I have a file like this:
$urls = [
{name:'Venture Capitals',
sites: [
'http://blog.ycombinator.com/posts.atom',
'http://themacro.com/feed.xml',
'http://a16z.com/feed/',
'http://firstround.com/review/feed.xml',
'http://www.kpcb.com/blog.rss',
'https://library.gv.com/feed',
'http://theaccelblog.squarespace.com/blog?format=RSS',
'https://medium.com/feed/accel-insights',
'http://500.co/blog/posts/feed/',
'http://feeds.feedburner.com/upfrontinsights?format=xml',
'http://versionone.vc/feed/',
'http://nextviewventures.com/blog/feed/',
]},
{name:'Companies and Groups',
sites: [
{name:'Product Companies',
sites: [
'https://m.signalvnoise.com/feed',
'http://feeds.feedburner.com/insideintercom',
'http://www.kickstarter.com/blog.atom',
'http://blog.invisionapp.com/feed/',
'http://feeds.feedburner.com/bufferapp',
'https://open.buffer.com/feed/',
'https://blog.asana.com/feed/',
'http://blog.drift.com/rss.xml',
'https://www.groovehq.com/blog/feed',]},
{name:'Consulting Groups, Studios',
sites: [
'http://svpg.com/articles/rss',
'http://www.thoughtworks.com/rss/insights.xml',
'http://zurb.com/blog/rss',]},
{name:'Communities',
sites: [
'http://alistapart.com/main/feed',
'https://www.mindtheproduct.com/feed/',]},
]},
]
I have organized the $url into different groups. Now I want to extract all the urls out (the link in the sites), how should I do?

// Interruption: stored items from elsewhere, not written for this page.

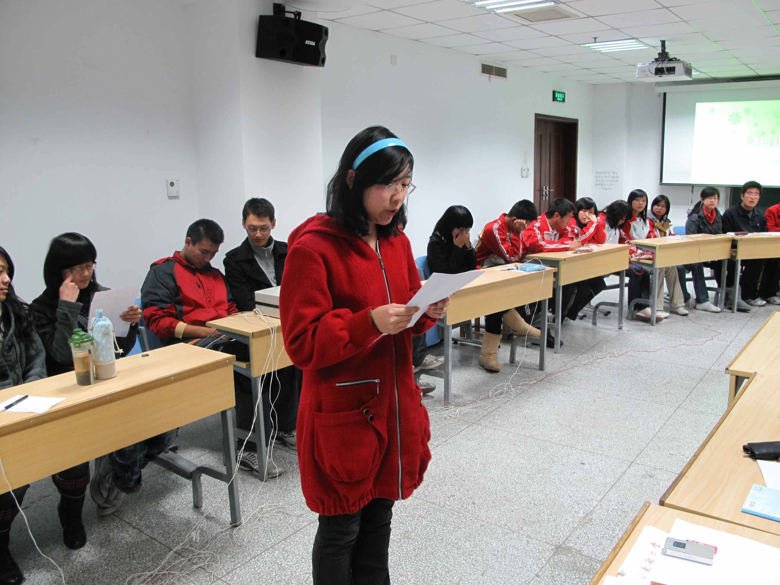 中场休息环节,四名代表分别介绍了党的先进分子事迹,同学们深深为党员的先进事迹所感染,他们热情的脸庞、坚毅的眼神,体现了他们向党的决心。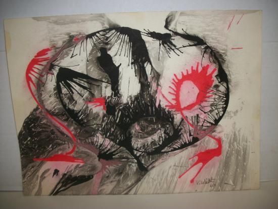 Vintage Abstract. Gouache on Paper. Size: 10 1/4 x 14. Signed/Dated: "V. Wicht 64" (lower right). Art needs matting and frame. Art was acquired without history or documentation. Art remains in excellent condition. Please research and bid accordingly. Art is being sold "as-is" with all sales final.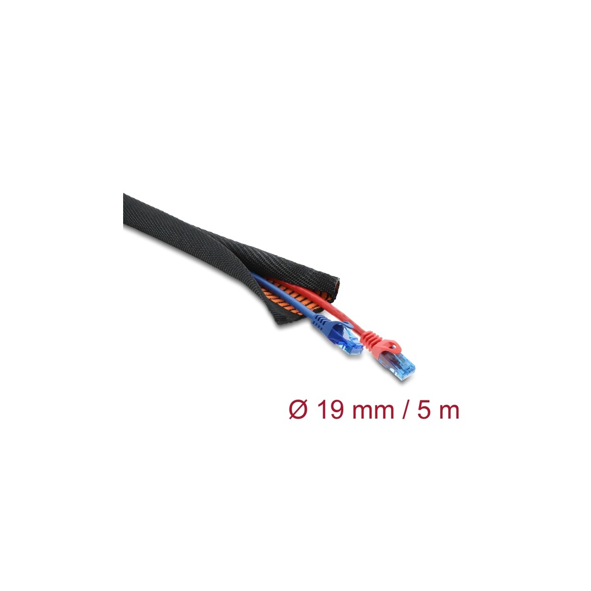 Delock Cable Protection Sleeve with orange Wear Warning Indicator self-closing double-layered 5 m x 19 mm black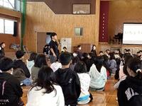 毎月1回行われているいちょうの会(児童集会)ですが、今回は体育委員会の発表でした。内容は12月に実施する持久走大会に向けて「けがをしないための準備運動を教えます!」です。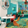 True design flexibility lies in Forbo Flooring Systems’ digital printing technology. “Digital printing allows us to easily produce custom new floor coverings with feature pieces, logos and bespoke design that fulfil our clients’ specific project requirements,” explains Holmes. “For example, when I was asked to develop a fun and eye-catching floor covering inspired by marine wildlife and mythical creatures for a children’s play area, I used Flotex FR to develop a feature design with elements that could be repeated in borders and other areas of the room. The multi-pattern, multicoloured, friendly octopus met the brief nicely.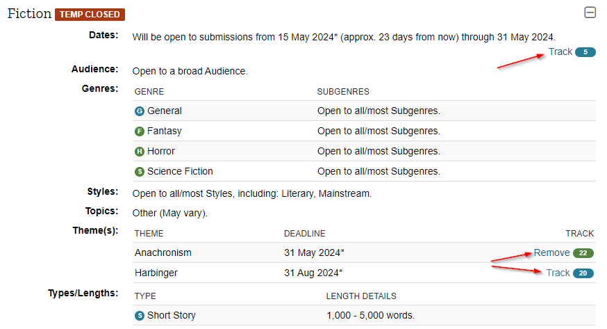 On a publisher’s detail page, general submission windows will be listed under the Dates heading, and specific themes will be listed under Theme(s). In each of these sections, there will be a Track link and a colored bubble listing the number of Duotrope users who are already tracking.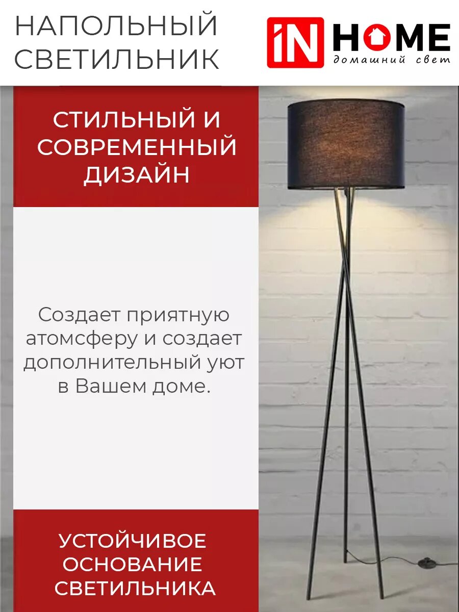 Торшер напольный светильник лофт IN HOME ТНО 04Ч 60Вт Е27 230В черный

The main problem is that, there are sites within sites, as the file showed above.
My problems are:
Am I using a proper file structure to save these links? (array within array). If not, what would be good way to save and group them?
How can I extract all the urls out into a flattened array? so I can later iterate through the list.
I can do this pretty manually, like the code shown below.
sites = []
$urls.each do |item|
item[:sites].each do |sub_item|
if sub_item.is_a?(Hash)
sites.concat sub_item[:sites]
else
sites.append sub_item
end
end
end
File.open('lib/flatten_sites.yaml', 'w') { |fo| fo.puts sites.to_yaml }
But I just feel this is bad code.
An alternative in this specific case, is to collect all the sites attribute, but I feel this is also very constrained, and may not help in some other cases.